= Data in this exercise =

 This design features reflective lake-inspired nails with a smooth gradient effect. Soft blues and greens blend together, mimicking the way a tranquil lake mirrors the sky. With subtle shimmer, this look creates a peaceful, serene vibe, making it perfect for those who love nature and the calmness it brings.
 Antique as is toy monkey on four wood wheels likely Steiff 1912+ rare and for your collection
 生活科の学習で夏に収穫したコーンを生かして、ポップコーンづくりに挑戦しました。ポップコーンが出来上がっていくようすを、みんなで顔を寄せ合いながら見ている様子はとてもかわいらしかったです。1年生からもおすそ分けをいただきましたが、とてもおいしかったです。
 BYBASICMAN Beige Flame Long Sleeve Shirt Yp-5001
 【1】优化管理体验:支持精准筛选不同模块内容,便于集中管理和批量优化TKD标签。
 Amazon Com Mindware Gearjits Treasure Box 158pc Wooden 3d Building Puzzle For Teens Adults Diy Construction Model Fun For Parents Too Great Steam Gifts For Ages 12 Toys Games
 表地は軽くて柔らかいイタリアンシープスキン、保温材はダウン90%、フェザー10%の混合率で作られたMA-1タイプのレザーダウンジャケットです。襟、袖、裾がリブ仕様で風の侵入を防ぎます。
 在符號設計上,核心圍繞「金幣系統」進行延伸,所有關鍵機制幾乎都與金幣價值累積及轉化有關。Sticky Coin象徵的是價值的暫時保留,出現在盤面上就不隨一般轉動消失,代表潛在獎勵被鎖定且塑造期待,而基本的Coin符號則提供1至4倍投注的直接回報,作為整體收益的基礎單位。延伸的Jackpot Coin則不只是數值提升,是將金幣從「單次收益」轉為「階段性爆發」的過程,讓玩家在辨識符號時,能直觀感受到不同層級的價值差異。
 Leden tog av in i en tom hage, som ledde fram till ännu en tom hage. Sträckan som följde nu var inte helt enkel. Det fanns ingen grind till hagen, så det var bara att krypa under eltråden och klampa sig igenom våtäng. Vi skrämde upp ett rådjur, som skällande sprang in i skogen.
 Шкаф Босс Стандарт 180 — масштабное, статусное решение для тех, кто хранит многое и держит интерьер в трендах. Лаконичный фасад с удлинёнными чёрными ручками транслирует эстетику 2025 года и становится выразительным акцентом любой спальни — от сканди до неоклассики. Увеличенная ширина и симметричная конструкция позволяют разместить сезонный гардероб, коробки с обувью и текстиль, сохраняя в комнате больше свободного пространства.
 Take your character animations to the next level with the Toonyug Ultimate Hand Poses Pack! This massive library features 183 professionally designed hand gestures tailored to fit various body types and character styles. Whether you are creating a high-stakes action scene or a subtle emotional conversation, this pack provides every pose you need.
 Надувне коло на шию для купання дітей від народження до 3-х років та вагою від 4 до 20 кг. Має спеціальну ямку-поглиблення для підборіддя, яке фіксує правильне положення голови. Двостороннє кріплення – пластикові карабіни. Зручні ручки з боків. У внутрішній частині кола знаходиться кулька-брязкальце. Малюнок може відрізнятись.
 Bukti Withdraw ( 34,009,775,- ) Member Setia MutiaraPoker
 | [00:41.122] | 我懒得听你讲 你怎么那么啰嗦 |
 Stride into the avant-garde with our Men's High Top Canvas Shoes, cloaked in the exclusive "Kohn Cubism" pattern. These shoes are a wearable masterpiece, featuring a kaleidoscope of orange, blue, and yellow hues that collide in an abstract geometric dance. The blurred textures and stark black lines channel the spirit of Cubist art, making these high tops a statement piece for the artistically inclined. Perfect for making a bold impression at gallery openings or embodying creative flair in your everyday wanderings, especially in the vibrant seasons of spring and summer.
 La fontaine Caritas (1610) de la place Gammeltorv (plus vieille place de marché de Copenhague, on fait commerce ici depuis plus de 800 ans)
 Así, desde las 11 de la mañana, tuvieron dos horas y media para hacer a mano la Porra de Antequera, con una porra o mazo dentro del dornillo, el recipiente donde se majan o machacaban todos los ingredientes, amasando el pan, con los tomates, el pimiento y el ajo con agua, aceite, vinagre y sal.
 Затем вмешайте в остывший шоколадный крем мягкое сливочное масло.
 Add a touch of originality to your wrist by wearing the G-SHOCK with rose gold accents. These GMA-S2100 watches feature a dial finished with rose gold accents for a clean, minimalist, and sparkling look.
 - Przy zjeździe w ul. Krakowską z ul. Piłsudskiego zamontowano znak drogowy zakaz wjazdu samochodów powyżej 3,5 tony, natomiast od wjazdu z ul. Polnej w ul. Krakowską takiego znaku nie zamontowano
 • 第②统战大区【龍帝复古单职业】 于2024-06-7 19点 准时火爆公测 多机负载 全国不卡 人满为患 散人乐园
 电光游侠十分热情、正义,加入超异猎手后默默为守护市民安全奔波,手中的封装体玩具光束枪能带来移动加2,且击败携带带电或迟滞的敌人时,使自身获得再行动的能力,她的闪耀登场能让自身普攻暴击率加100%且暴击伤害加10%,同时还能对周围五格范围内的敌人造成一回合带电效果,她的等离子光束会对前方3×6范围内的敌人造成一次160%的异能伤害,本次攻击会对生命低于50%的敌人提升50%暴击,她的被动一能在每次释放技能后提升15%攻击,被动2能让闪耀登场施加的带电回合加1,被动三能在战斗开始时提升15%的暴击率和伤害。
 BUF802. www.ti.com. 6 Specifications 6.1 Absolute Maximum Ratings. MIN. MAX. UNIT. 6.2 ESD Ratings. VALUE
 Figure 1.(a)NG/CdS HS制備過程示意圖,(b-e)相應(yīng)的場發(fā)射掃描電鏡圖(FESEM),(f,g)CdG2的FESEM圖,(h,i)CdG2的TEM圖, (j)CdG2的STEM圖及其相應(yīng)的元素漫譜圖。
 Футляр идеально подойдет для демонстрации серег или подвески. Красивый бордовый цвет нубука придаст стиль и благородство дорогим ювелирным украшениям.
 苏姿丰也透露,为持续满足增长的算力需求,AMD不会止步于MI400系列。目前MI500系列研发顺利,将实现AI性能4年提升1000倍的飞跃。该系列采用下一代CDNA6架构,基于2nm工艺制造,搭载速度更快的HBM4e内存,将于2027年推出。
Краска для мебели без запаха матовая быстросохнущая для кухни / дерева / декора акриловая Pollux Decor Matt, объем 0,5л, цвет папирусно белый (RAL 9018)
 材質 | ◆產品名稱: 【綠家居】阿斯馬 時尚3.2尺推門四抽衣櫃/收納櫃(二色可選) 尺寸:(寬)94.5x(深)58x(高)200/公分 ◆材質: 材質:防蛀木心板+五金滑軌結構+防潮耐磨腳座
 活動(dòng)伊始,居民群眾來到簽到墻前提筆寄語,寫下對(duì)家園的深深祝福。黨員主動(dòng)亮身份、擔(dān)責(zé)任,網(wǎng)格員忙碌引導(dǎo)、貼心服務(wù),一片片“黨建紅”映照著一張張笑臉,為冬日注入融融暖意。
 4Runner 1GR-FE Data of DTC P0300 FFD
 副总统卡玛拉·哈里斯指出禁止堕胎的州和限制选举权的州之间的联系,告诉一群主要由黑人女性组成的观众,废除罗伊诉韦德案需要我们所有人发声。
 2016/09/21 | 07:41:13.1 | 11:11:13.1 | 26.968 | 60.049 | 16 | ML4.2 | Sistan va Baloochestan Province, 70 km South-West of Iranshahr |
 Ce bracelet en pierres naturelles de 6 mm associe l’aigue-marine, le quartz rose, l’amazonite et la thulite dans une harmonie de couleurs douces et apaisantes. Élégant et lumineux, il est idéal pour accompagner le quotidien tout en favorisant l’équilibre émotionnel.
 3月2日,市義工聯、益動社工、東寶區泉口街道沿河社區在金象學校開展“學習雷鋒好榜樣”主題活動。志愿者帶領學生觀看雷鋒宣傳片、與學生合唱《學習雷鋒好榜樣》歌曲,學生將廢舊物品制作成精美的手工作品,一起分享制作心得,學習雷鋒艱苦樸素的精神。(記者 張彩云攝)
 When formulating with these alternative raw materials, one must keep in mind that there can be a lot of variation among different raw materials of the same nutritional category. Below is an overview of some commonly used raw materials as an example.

= Your goal =
Using the data above, return each line that includes the word "high".

= Reply to the exercise =
 Take your character animations to the next level with the Toonyug Ultimate Hand Poses Pack! This massive library features 183 professionally designed hand gestures tailored to fit various body types and character styles. Whether you are creating a high-stakes action scene or a subtle emotional conversation, this pack provides every pose you need.
 Stride into the avant-garde with our Men's High Top Canvas Shoes, cloaked in the exclusive "Kohn Cubism" pattern. These shoes are a wearable masterpiece, featuring a kaleidoscope of orange, blue, and yellow hues that collide in an abstract geometric dance. The blurred textures and stark black lines channel the spirit of Cubist art, making these high tops a statement piece for the artistically inclined. Perfect for making a bold impression at gallery openings or embodying creative flair in your everyday wanderings, especially in the vibrant seasons of spring and summer.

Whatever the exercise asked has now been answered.